Understanding the biology of infection requires a quantitative perspective on how living systems sustain stable dynamical processes and how these are perturbed by microbial challenges. Biological functions are not static but emerge from dynamic, multiscale interactions among agents—ranging from molecules driving cellular processes, to cells coordinating within tissues, to neurons shaping organismal behavior. Disentangling these interactions, and elucidating how pathogens or environmental stressors disrupt them, is essential for uncovering fundamental biological principles and identifying new therapeutic opportunities.
Our goal is to establish an integrative framework built around three methodological axes:

– Mathematical modeling of dynamic networks, to explain how stable biological processes emerge from local interactions and to predict how they are perturbed.
– Statistical analysis of spatial and temporal relations between agents, to extract mechanistic insights from complex observational datasets.
– AI-assisted image quantification, to transform high-dimensional imaging data into interpretable features that inform models and analyses.
We will apply these approaches to two complementary systems that provide a comparative perspective on biological processes across scales—from single molecules to whole organisms—and how their stability is perturbed by microbial influence.
Hydra as a paradigm for neuronal homeostasis.
With 200–2,000 neurons spanning 11 cell types, Hydra exhibits diverse quantifiable behaviors such as contractions, locomotion, feeding, and learning. Its rhythmic neural activity makes it a valuable model for studying central pattern generators, which are also relevant to human physiology: recent studies have shown that disruptions of the gut microbiota can impair pacemaker rhythmicity and contribute to abnormal peristalsis. Hydra’s transparency and regenerative capacity make it uniquely suited for long-term imaging and perturbation studies. Using genetically engineered GCaMP Hydra, we aim to monitor neural activity and investigate its modulation by molecular factors such as neuropeptides and the Hydra microbiome.
Host–pathogen interactions at the earliest stages of infection.
We focus on how viruses such as SARS-CoV-2 and HIV hijack cellular machinery, using advanced live imaging to study receptor and viral dynamics in space and time. These studies are carried out in collaboration with experimental partners specialized in experimental infection biology (e.g. Dynamics of Host–Pathogen Interactions Unit).

Methodological Axes
1- Mathematical modeling of dynamic networks
Using first-principles and stochastic analyses, we study how stable biological processes emerge from local interactions and how microbes perturb them. In Hydra, we build predictive neuronal models, from minimal oscillators to multi-neuron simulations derived from scRNA-seq data, to analyze how rhythms are modulated by neuropeptides, microbes, and environmental inputs. In parallel, we reconstruct the temporal choreography of viral entry by tracking receptors and viral particles and modeling key biophysical determinants.

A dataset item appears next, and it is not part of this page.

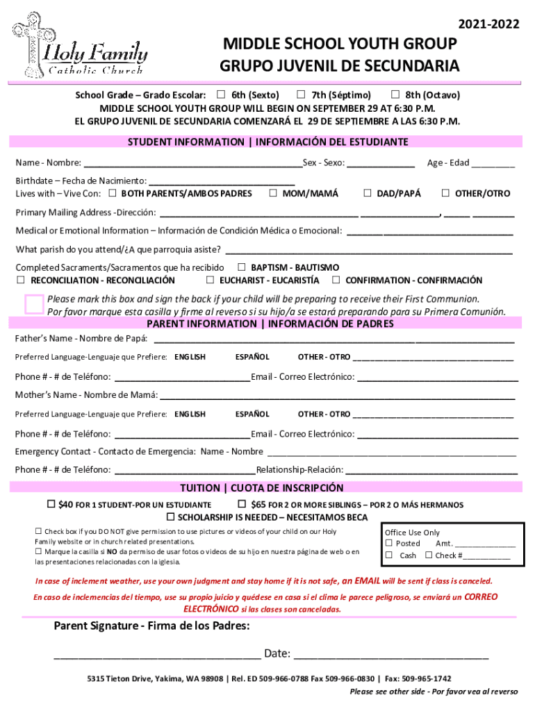 To fill out the grupo juvenil de secundaria form, individuals need to provide personal information, select their activities, and include any necessary endorsements from parents or guardians.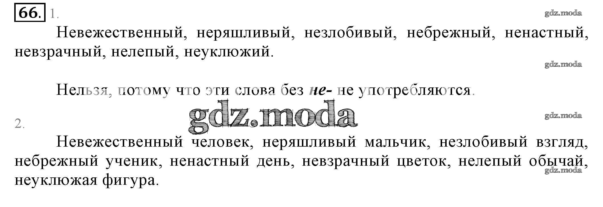 ОТВЕТ на задание № 66 Учебник по Русскому языку 6 класс Разумовская Вертикаль

2- Statistical analysis of spatial and temporal relations between agents
We identify mechanistic patterns in complex datasets by characterizing neuronal ensembles in Hydra and mapping host–pathogen interactions, where receptors, viral particles, and signaling complexes must be coordinated in space and time. Building on our point process framework, we generate multiscale maps linking neuronal firing to behavior and molecular interactions to cellular homeostasis or viral hijacking.

3- AI-assisted image quantification
We develop next-generation algorithms to extract quantitative information from imaged processes. In particular, we design tracking algorithms to follow thousands of objects – neurons in Hydra or single virions (or bacteria) and receptors at membranes. Our framework combine AI-based recognition with probabilistic filtering for robust performance under tissue deformation and crowding.